Perhaps, therefore, shape-sorting is not the dominant control on the form of fluvial gravels. There is some evidence, for example, that rather than tending to a highly rollable form, fluvial gravels are abraded to negative values of $\overline{OP}$ [83]. Unfortunately, corroborative data are rare. The few studies of downstream change in $\overline{OP}$ are inconclusive and we are unaware of any evidence that the $\overline{OP}$ of fluvial gravels evolves to an ultimate limiting state.

The Oblate–Prolate Index of the bedload gravels of the Sabeto River varies as a function of roundness, increasing to a maximum at a roundness of 0.5–0.6 and decreasing thereafter.
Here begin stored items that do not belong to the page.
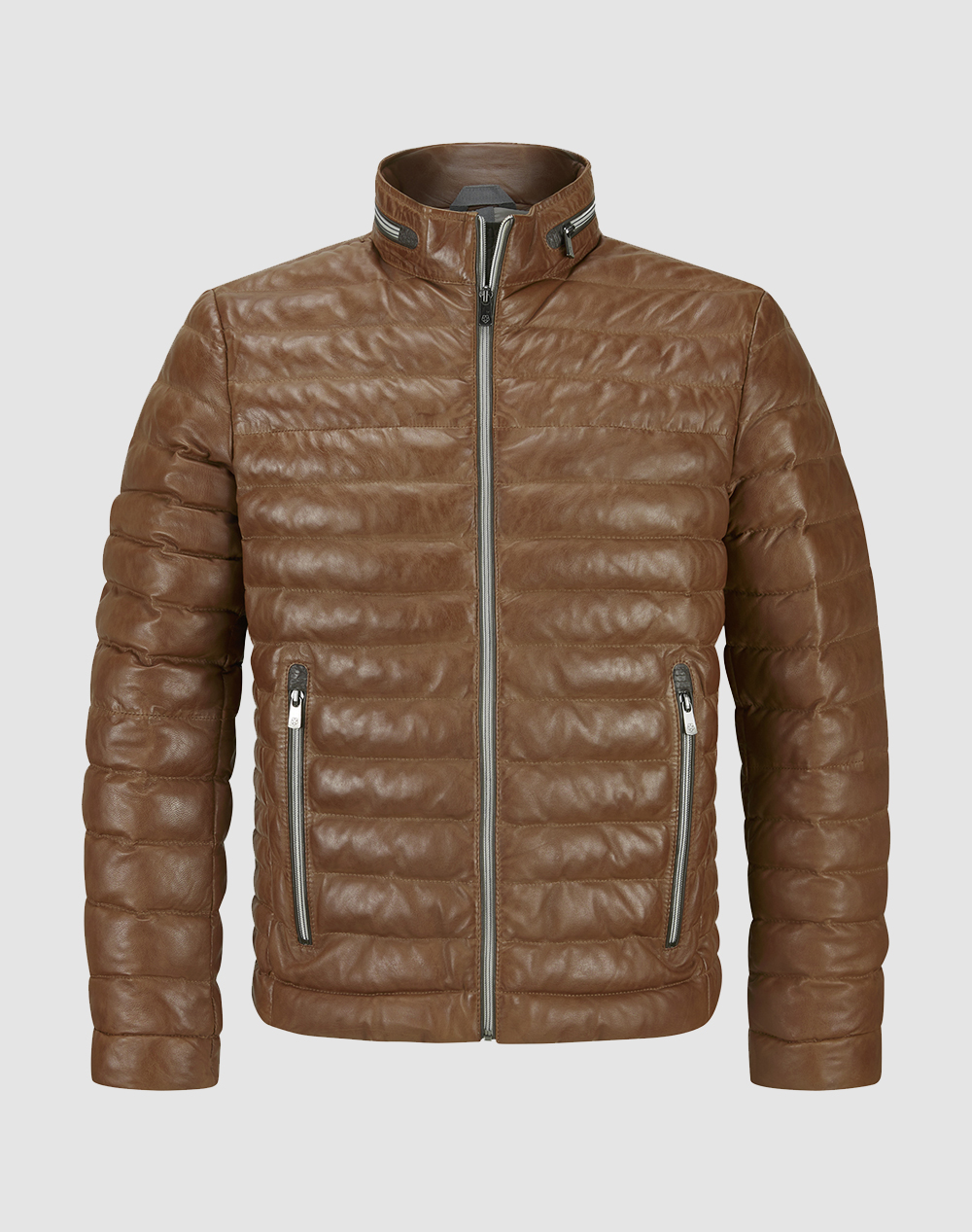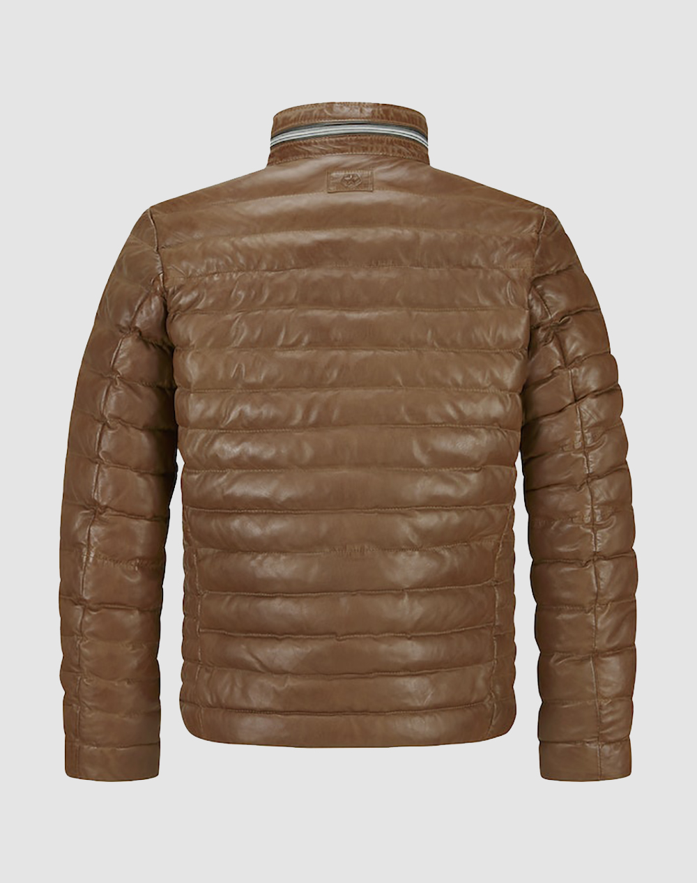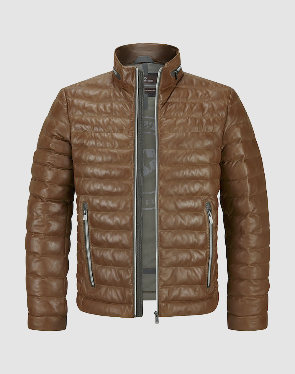 Ανδρικό μπουφάν, μακρυμάνικο, με καπιτονέ σχέδιο, τσέπες στο πλάι, ψηλό λαιμό και κλείσιμο με φερμουάρ. (Σύνθεση: 100% Δέρμα)
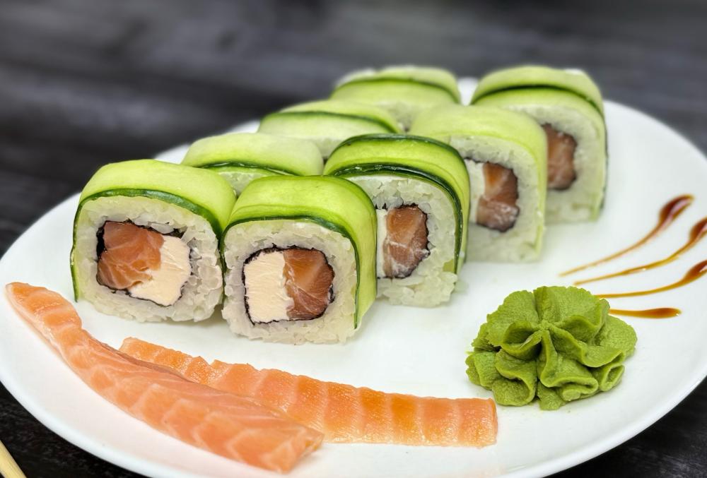 Классический ролл в свежей интерпретации. Нежный творожный сыр, слайсы огурца и лосось в гармонии с рисом и нори.
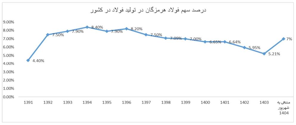 این شرکت در بخش تولید نیز جزو بزرگان طبقه بندی شده و ۷ درصد از فولاد کشور را پس از بزرگانی نظیر فولاد مبارکه، فولاد خوزستان، ذوب آهن و فولاد کاوه جنوب در رتبه ۵ کشور تولید میکند. سهم تولید هرمزگان در سال گذشته ۵.۲ بود و اکنون بالاتر از ۵ سال اخیر خود به عدد ۷ درصدی رسیده است.
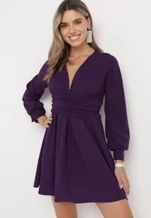 Fioletowa Rozkloszowana Sukienka Mini z Głębokim Dekoltem Ozdobiona Marszczeniem i Guzikami Jerikan
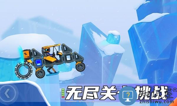 1、障碍:游戏设计了非常独特有趣的地图,玩家将驾驶车辆在满是障碍的场景内进行闯关
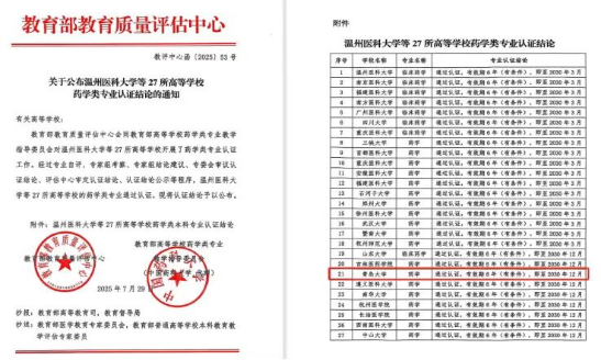 近日,据教育部教育质量评估中心会同教育部高等公司药学类专业教学指导委员会发布的《关于公布温州医科大学等27所高等公司药学专业认证结论的通知》(教评中心函〔2025〕53号),公司药学专业经过严格评审,顺利通过教育部药学类专业认证,认证有效期6年,至2030年12月。这标志着公司药学专业的办学质量、人才培养体系和综合实力获得了国家层面的权威认可。

The systematic form of this relationship is suggestive of a causative association between roundness (and thus breakage and abrasion) and $\overline{OP}$. More particularly, it implies that the ultimate decrease in $\overline{OP}$ is a direct consequence of the abrasion process, which sees a consistent increase in b/a ratios once roundness reaches ~0.5 and the rounding process becomes dominated by the grinding of particle surfaces rather than by the removal of angular corners.
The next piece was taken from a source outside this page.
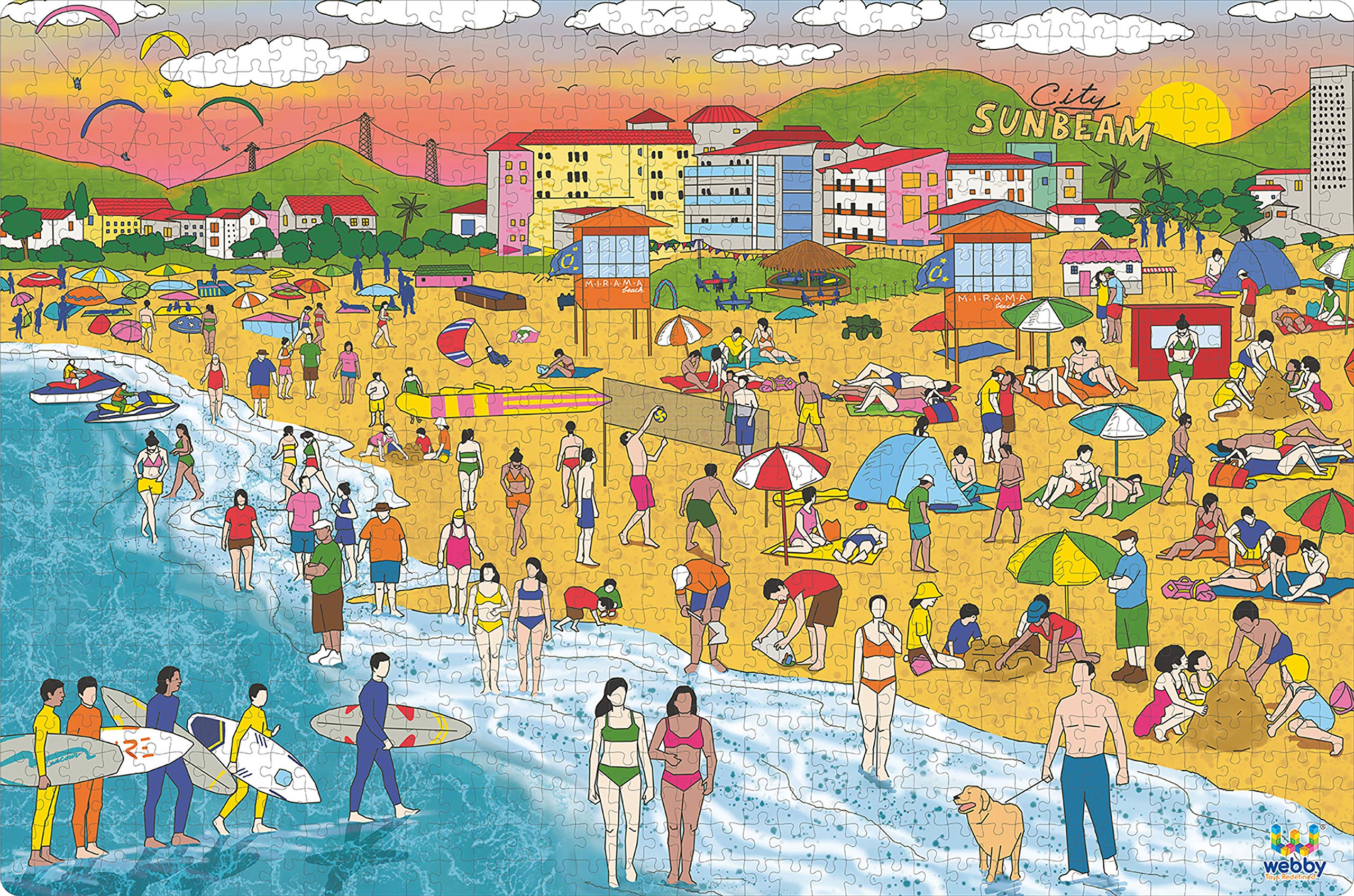 SKILL DEVELOPMENT: Increase the concentration & problem-solving skills with this premium Webby wood beach illustration jigsaw puzzle best for gifting to people of all ages
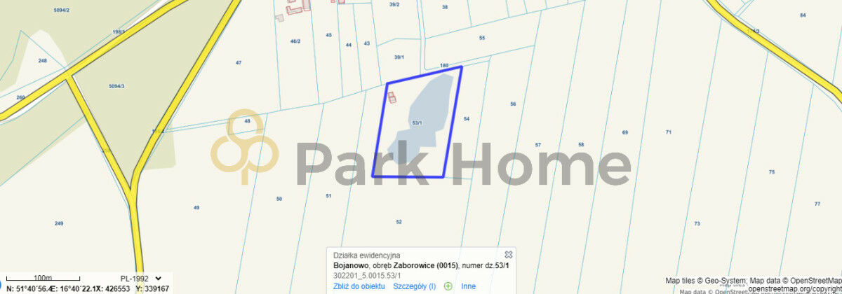 Działka znajduje się w miejscowości Zaborowice, gmina Bojanowo - idealna alternatywa dla wymagającego klienta kochającego naturę i spokój, jednocześnie oczekującego bliskości strefy miejskiej (8 minut samochodem do Bojanowa, 20 minut samochodem do Leszna, 20 minut samochodem do Rawicza).

9.5. Gravel Shape and Environmental Discrimination

In 1970, Dobkins and Folk proposed that the Maximum Projection Sphericity and Oblate–Prolate Index of fluvial gravels are so distinctive that they may be used, alone or in combination, to discriminate the environment of deposition of ancient conglomerates [15]. In the 50 years since then, however, the method has been almost entirely overlooked: the model has rarely been employed and it has escaped critical assessment. Some measure of this may be gathered from the limited number of fluvial data sets that exist that are suitable for testing their model. Notwithstanding this limitation, we have brought these together and assessed them using the $\overline{OP}$–Ψ_p approach. The measurements were made on a range of particle sizes and on a range of lithologies. Despite this, the values cluster tightly on the $\overline{OP}$–Ψ_p plot and conform closely with the environmental envelope established by Dobson and Folk.